## Abstract

Recently, graph-based unsupervised feature selection algorithms (GUFS) have been shown to efficiently handle prevalent high-dimensional unlabeled data. One common drawback associated with existing graph-based approaches is that they tend to be time-consuming and in need of large storage, especially when faced with the increasing size of data. Research has started using anchors to accelerate graph-based learning model for feature selection, while the hard linear constraint between the data matrix and the lower-dimensional representation is usually overstrict in many applications. In this letter, we propose a flexible linearization model with anchor graph and $\u211321$-norm regularization, which can deal with large-scale data sets and improve the performance of the existing anchor-based method. In addition, the anchor-based graph Laplacian is constructed to characterize the manifold embedding structure by means of a parameter-free adaptive neighbor assignment strategy. An efficient iterative algorithm is developed to address the optimization problem, and we also prove the convergence of the algorithm. Experiments on several public data sets demonstrate the effectiveness and efficiency of the method we propose.

## 1 Introduction

In many applications, such as computer vision, data mining, and pattern recognition, we are often confronted with data that are represented by high-dimensional features, which require significant time and space consumption to cope with (Chang, Nie, Yang, Zhang, & Huang, 2016; Freeman, Kulic, & Basir, 2013). To address this issue, feature selection techniques aim to reduce the dimensionality of the high-dimensional data by selecting a smaller set of representative features (Romero & Sopena, 2008; Nie, Xiang, Jia, Zhang, & Yan, 2008; Ling, Qiang, & Min, 2013; Wang, Nie, Yang, Gao, & Yao, 2015; Luo et al., 2018; Paul & Drineas, 2016). In general, feature selection algorithms can be classified into three categories: supervised feature selection, semisupervised feature selection, and unsupervised feature selection. Due to the large number of unlabeled data produced by rapid development of technology and that annotating these data is a dramatically expensive and time-consuming process (Cheng, Zhou, & Cheng, 2011; Dy & Brodley, 2004; Wu, Jia, Liu, Ghanem, & Lyu, 2018), we focus on the problem of selecting features in unsupervised learning scenarios.
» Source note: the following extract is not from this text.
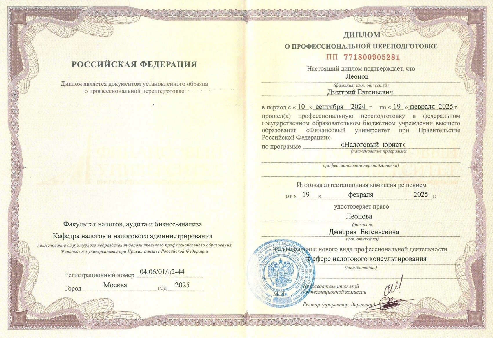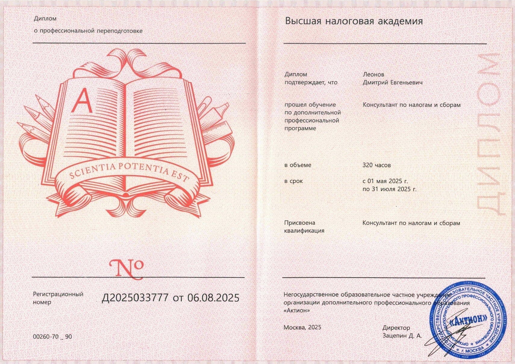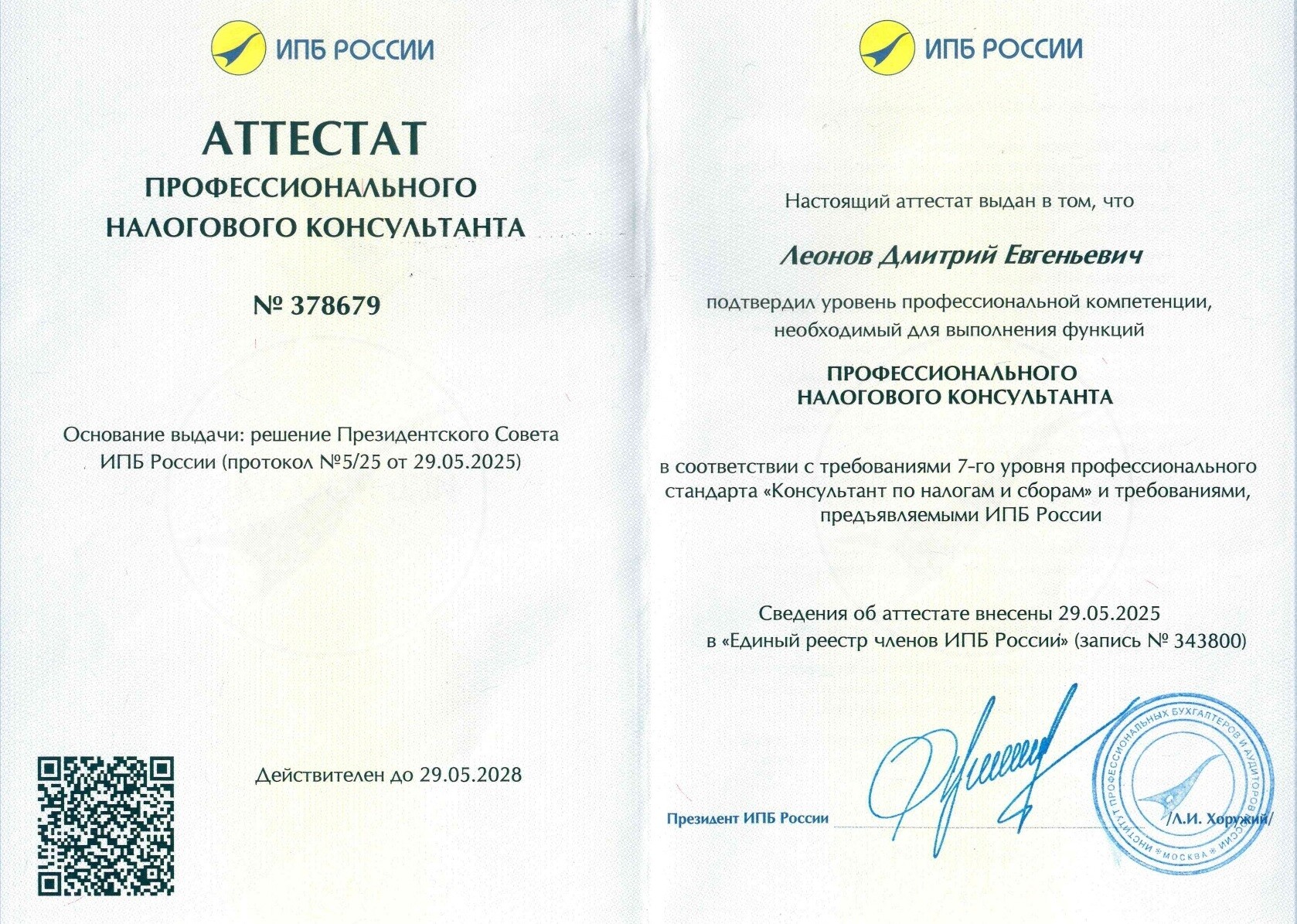 Аттестованный Профессиональный налоговый консультант (7-го уровня квалификации). Членский билет N 7781958

Since many real-world data sets such as face image, handwritten digit and text data sets are strictly distributed on low-dimensional manifolds (Roweis & Saul, 2000; Cheng, Nie, Sun, & Gong, 2017), the methods that consider the manifold structure usually have better performance (Liu, Jiang, Luo, & Chang, 2011; Yang et al., 2016). In this letter, we focus on the graph-based family of unsupervised feature selection methods, in which the manifold geometry structure of the entire feature set is represented in graph form. Existing GUFS methods (Zhao & Liu, 2007; Cai, Zhang, & He, 2010; Li, Yang, Liu, Zhou, & Lu, 2012; Hou, Nie, Li, Yi, & Wu, 2014) determine feature relevance by evaluating a feature's correlation with a pseudo-label derived from spectral analysis and use regression coefficient to rank each feature. However, conventional graph-based approaches usually use kernel-based neighbor assignment strategy (e.g., gaussian similarity function) to construct a similarity graph, which typically requires extra parameters and may adversely affect learning performance (Nie, Wang, & Huang, 2014). What is more, relaxing and approximating these pseudo-labels by imposing orthogonal constraints on the cluster indicator matrix into a continuous embedding can also inevitably introduce noise into the estimated cluster labels (Shi, Du, & Shen, 2014; Liu & Chang, 2009).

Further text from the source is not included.